As the analyte species binds to the surface, fluid molecules from region VI are displaced and the resulting dielectric constant in a region VI will decrease. This change in the dielectric constant will be proportional to the analyte species concentration as related by the
following equations :
( 1 ) [A- B] = K [A ] [B ]
( 2 ) TA = [A ] + [A- B ]
( 3 ) TB = [B ] + [A- B]
where, [A] = free analyte concentration [B] = binding agent (ligand) concentration [A-B] = bound analyte-ligand complex
TA = total analyte concentration
Tβ = total binding agent (ligand) concentration
It is to be understood that the above equilibrium equations are only approximations and are used only to illustrate the general functioning of the sensor. The quantity TQ, the number of immobilized binding agent molecules, is know; the quantity K is known or can be determined by experimentation; the concentration [A-B] is measured by the change in the dielectric constant of the "open" capacitor; and, the total concentration of the analyte in the test fluid (TA) is what one wants to determine. For these equations to be generally representative, there should not be a large concentration gradient of the free analyte molecules in region VI. This concentration gradient can be reduced by thermal diffusion over a small volume. Therefore, the "open" face capacitor is specifically designed so that region VI, having the highest electric field flux, is small and there is a short diffusion distance for analyte molecules released from the binding surface 20 to migrate from region VI. It is also within the inventor's contemplation to measure the sensor
response during non-equilibrium conditions. The use of kinetic rate equations or empirical data can relate non- equilibrium measurements to total analyte concentration.

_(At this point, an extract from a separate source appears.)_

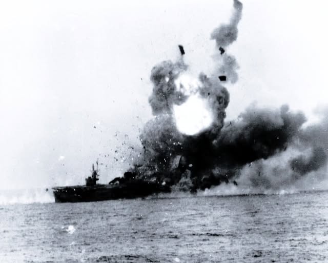 L’USS St. Lo (CVE-63) explose après un coup kamikaze

Usually, but not exclusively, the analyte species for the direct binding configuration will be large molecules (generally larger than 150,000 daltons) such as bacteria, viruses, other antibodies, or protein molecules. The larger the analyte molecule and the lower its dielectric properties, the greater will be the change in the bulk dielectric constant of region VI as the analyte binds to surface 20. Table I contains anon-limiting example of the type of binding agents (ligands) and analytes that can be used with the direct binding configuration of the sensor:
TABLE I immobilized analyte binding agent
bio-specific antibody bacteria bio-specific antibody viruses bio-specific antibody a second antibody bio-specific antibody large molecule analytes such as protein mole¬ cules
Competitive Binding Embodiment
The second general embodiment of the present invention is shown in the schematic cross-sectional view of Figure 2a. This embodiment is referred to as the competitive binding configuration of the sensor and is particularly useful in sensing analytes that are "small" molecules. In this case, small is defined as significantly smaller in molecular weight than 150,000 daltons (1 dalton = 1 atomic mass unit), the approximate atomic mass of antibodies. A first conductor 26 is positioned on the surface of an insulating material or substrate 27; and, a second conductor 28 also positioned on substrate 27 is disposed a
distance from first conductor 26, creating a channel between the two conductors. The two conductors 26, 28 are coated with a thin electrically insulating layer 30, and the resulting structure forms an "open" capacitor, similar to that used in the first direct binding embodiment. As with the first embodiment, when a direct or alternating voltage is applied across the conductors, an electric field is generated having electric lines of flux 32. As seen generally in Figure 2a, the electric field has a higher field intensity within the region of VI, and a lower field intensity within region V2.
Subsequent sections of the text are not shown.